Le vapeur, à bord duquel est monté le voyageur, s’engrave à peine parti de Tours. L’art de Stendhal pour raconter l’incident est exceptionnel.

Tours 1837

« J’avais bien recommandé à l’hôtel qu’on m’éveillât à quatre heures et demie du matin afin de ne pas manquer le bateau à vapeur qui part pour Nantes. […]

À cinq heures et demie, les roues du bateau se sont mises en mouvement ; mais ce mouvement n’a pas duré. Au bout de dix minutes, nous nous sommes bravement arrêtés sur un banc de sable qui continue l’île de la Loire, laquelle commence au dessous du beau pont. Le chef du bateau s’est mis à jurer horriblement contre ses subordonnés, leur disant qu’ils devaient bien savoir qu’on ne devait pas passer en ce lieu, que la veille au soir encore le bateau arrivant d’en bas avait été obligé de passer le long de la rive droite.

Le plaisant, c’est que lui-même était à bord au moment du départ ; il est vrai qu’il était occupé à faire le gros dos et à donner des ordres d’un air d’empereur romain pour le placement des équipages. Le triste, c’est que nous avions passé deux heures et demie immobiles sur ce banc de sable, et au milieu d’une humidité insupportable ; car au bout de dix minutes, il est survenu un brouillard tellement épais, que nous voyions plus les bords de la Loire. Nous étions pénétrés de froid, les dames avaient peur. Notre machine a failli se briser, parce qu’on a voulu faire tourner les roues, dont une étaient prise dans le sable. Le désordre le plus complet régnait parmi les mariniers : tous juraient à la fois ; aucun ne se donnait le temps de pensera ce qu’il fallait faire. Le plus jeune, le moins élevé en grade, ce me semble, s’est jeté à l’eau, et nous avons vu avec effroi que l’eau ne lui arrivait même pas à la ceinture. On a tenté plusieurs essais qui n’ont pas réussi ; on voulait mettre le bateau en travers, afin que le courant l’enlevât. Mais comment le faire pivoter sur le banc de sable de cinq ou six pieds de large sur lequel il s’était placé ? Pour alléger le bâtiment, on nous a fait descendre tous (les hommes s’entend) dans la nacelle ; mais cette nacelle, peu accoutumée à un tel poids, faisait eau de toutes parts. Nous avions de l’eau jusqu’à la cheville ; j’ai vu le moment où elle allait couler à fond sur la pointe du banc de sable. À la vérité il n’y avait pas grand péril ; nous aurions plongé dans l’eau jusqu’aux genoux

À force de crier comme des énergumènes depuis une heure et demie, nos matelots n’avaient plus de voix ; ils ne pouvaient répondre aux plaisanteries des bateaux à rames qui descendaient rapidement le grand courant de la Loire et se moquaient de d’eux en passant. Ils demandaient à ce bateau vapeur, qui d’ordinaire les devance avec tant d’insolence, s’ils voulaient leur donner ses paquets pour Nantes.

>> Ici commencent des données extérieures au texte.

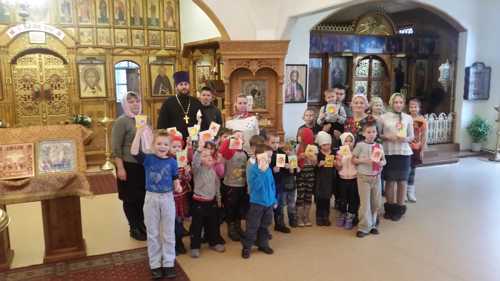 31 октября в Казанском храме села Петровское состоялся открытый урок воскресной школы для подготовительной группы детского сада деревни Левошево. Мероприятие началось с экскурсии по храму. Затем дети приняли участие в мастер-классе по изготовлению открыток ко Дню матери.
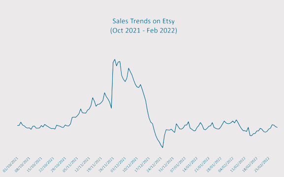 When we take a look at the figures regarding sales trends between October 2021 and February 2022 covering both Etsy Black Friday & Cyber Monday, as in the case of other online shopping platforms, the sales increased at a breakneck speed from 26th through 30th November.
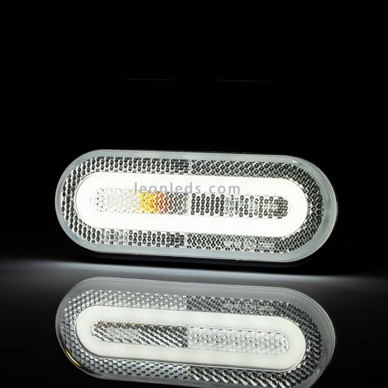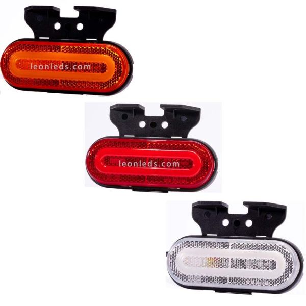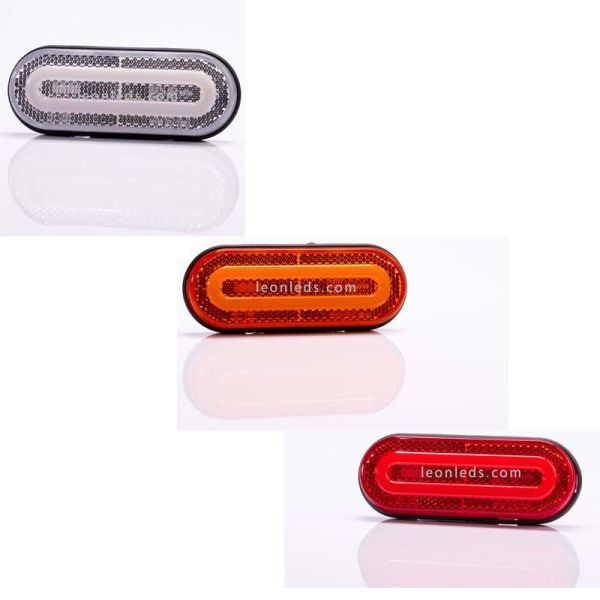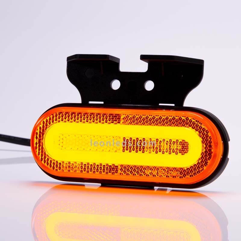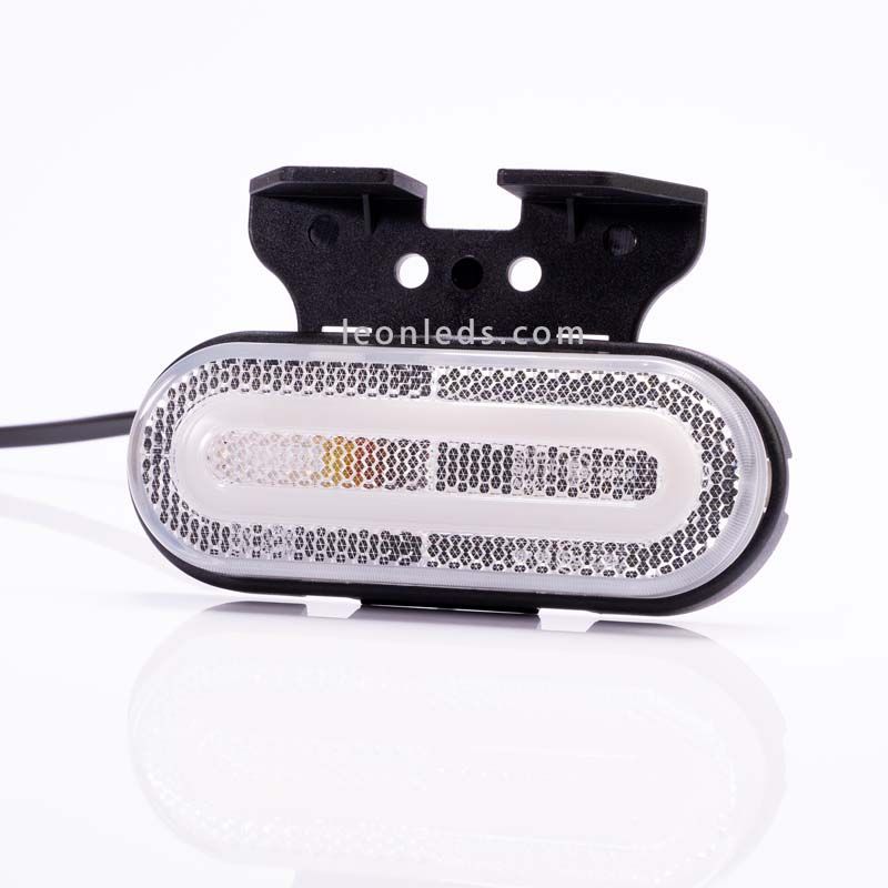 Piloto LED galibo con soporte, efecto Neon y reflectante, disponible en 3 colores, Ambar para el latera, rojo para la parte trasera y blanco para la parte delantera, cuenta con la homologación obligatoria impresa en el cristal. Este Piloto LED Galibo Fristom FT-072 es valido para instalar en instalaciones de 12V y 24V (12-36V), en 12V consume 1,2W (0,1A) y en 24V 2,4W (0,1A), incluye medio metro de cable de 2x0,75mm2 y ofrece un grado de protección contra el agua y el polvo de IP68.

J’avais grande envie d’appeler un de ses bateaux…Enfin le comptable du bateau à vapeur s’est décidé à héler un grand bateau monté par un enfant de quinze ans ; nous nous sommes tous transvasés dans ce bateau qui était sec. De ce moment tout mon chagrin a cessé. Ce bateau une fois chargé a failli partir tout seul : nouveau redoublement de cris. On l’a attaché solidement au bâtiment à vapeur ; les mariniers sont venus ramer sur le bateau, ils l’ont exposé au courant d’une certaine façon, et enfin notre malheureux navire a repris un peu de mouvement. On sentait qu’il raclait le banc de sable.

À ce moment de grands cris se sont fait entendre sur le devant du bateau ; les mariniers se sont remis à jurer de plus belle ; le grand garçon qui s’était jeté à l’eau ne se possédait plus de colère : nous courions un danger. Un grand bateau qui remontait la Loire, rapidement remorqué par huit chevaux au trot, venait droit sur nous, et allait nous choquer. Les cris et le désordre ont été à leur comble ; les chefs du bateau s’injuriaient entre eux, le petit comptable était pâle comme la mort ; enfin on a essayé de faire jouer la machine, au risque de briser une des roues toujours engagée dans le banc de sable. Le bâtiment a fait un mouvement de côté et s’est éloigné d’environ six pieds de son ancienne position. Les gens du bateau remorqué criaient de leur côté comme des perdus après les conducteurs de leurs chevaux ; enfin ceux-ci ont compris, et le bateau remontant s’est arrêté à dix ou douze pieds du nôtre.
Mais par l’effet de notre mouvement de côté, je ne crois pas qu’il nous eût touchés, même quand il n’aurait pas arrêté ses chevaux. […]

Une fois en mouvement, il ne nous est resté de notre accident qu’un accès de bavardage insupportable, qui a bien duré jusque vers l’embouchure de l’Indre. Dans leurs commentaires, les femmes avaient complètement altéré la vérité ; mais les dames des premières ayant eu beaucoup plus peur encore que les paysannes, leurs récits étaient bien plus romanesques. »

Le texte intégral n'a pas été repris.